A, voltage protocol illustrating how a step to +10 mV is interrupted by repolarization to −70 mV at increasing time intervals, to record the tail NCX currents on repolarization. The letters a, d, and h denote the corresponding repolarization time and currents. The current traces during the depolarization have been omitted for clarity. B, calibration for converting NCX current amplitude to [Ca²⁺]. Typical recordings of Ca²⁺ transient and the concomitant inward I_NCX after application of 10 mm caffeine. A linear relationship (right) between I_NCX amplitude and Ca²⁺ was obtained by fitting a line to the declining phase of the caffeine induced Ca²⁺ transient (intercept 106.5 ± 14.1 nm, slope –0.00194 ± 0.000129 pA pF⁻¹ nm⁻¹, n = 25). C, global Ca²⁺ transient (filled circles) during SR Ca²⁺ release and subsarcolemmal Ca²⁺ (open circles) estimated by using the linear relationship in B for a step to +10 mV (left panel, n = 4), and to −30 mV (right panel, n = 8).

Figure 6. NCX tail current analysis with two compartments to extract [Ca²⁺]_nrs

A, two recordings at 10 ms and at 30 ms into the depolarizing step are shown with the global [Ca²⁺]_i transient and the recorded NCX tail current on repolarization (black current trace). Predicted values for NCX activated by the cytosolic Ca²⁺ transient are calculated using the NCX model equation of (Weber et al. 2001) (green trace). The difference current between the recorded (black trace) and calculated (green trace) then reflects NCX activated by Ca²⁺ near release sites and not reported by the cytosolic dye. This measurement is repeated every 10 ms. B, [Ca²⁺]_nrs for during the example depolarizing step to +10 mV as calculated from the values of local NCX current at the corresponding time points.

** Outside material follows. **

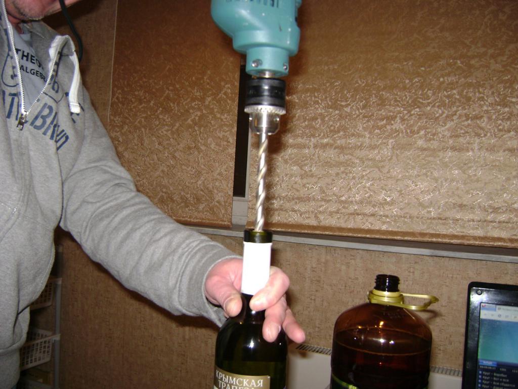 Если бутылка с высоким горлышком и содержимого налито по самую пробку - я посмотрю, как ты её туда протолкнешь.

Figure 7. Time course of [Ca²⁺]_nrs as estimated from the NCX tail currents

A, measured total (filled circles) NCX currents and calculated extra NCX (open circles) at +10 (n = 4) and −30 mV (n = 8). B, calculated [Ca²⁺]_nrs (open circles) and measured global [Ca²⁺] (filled circles) during steps to +10 (n = 4) and −30 mV (n = 8).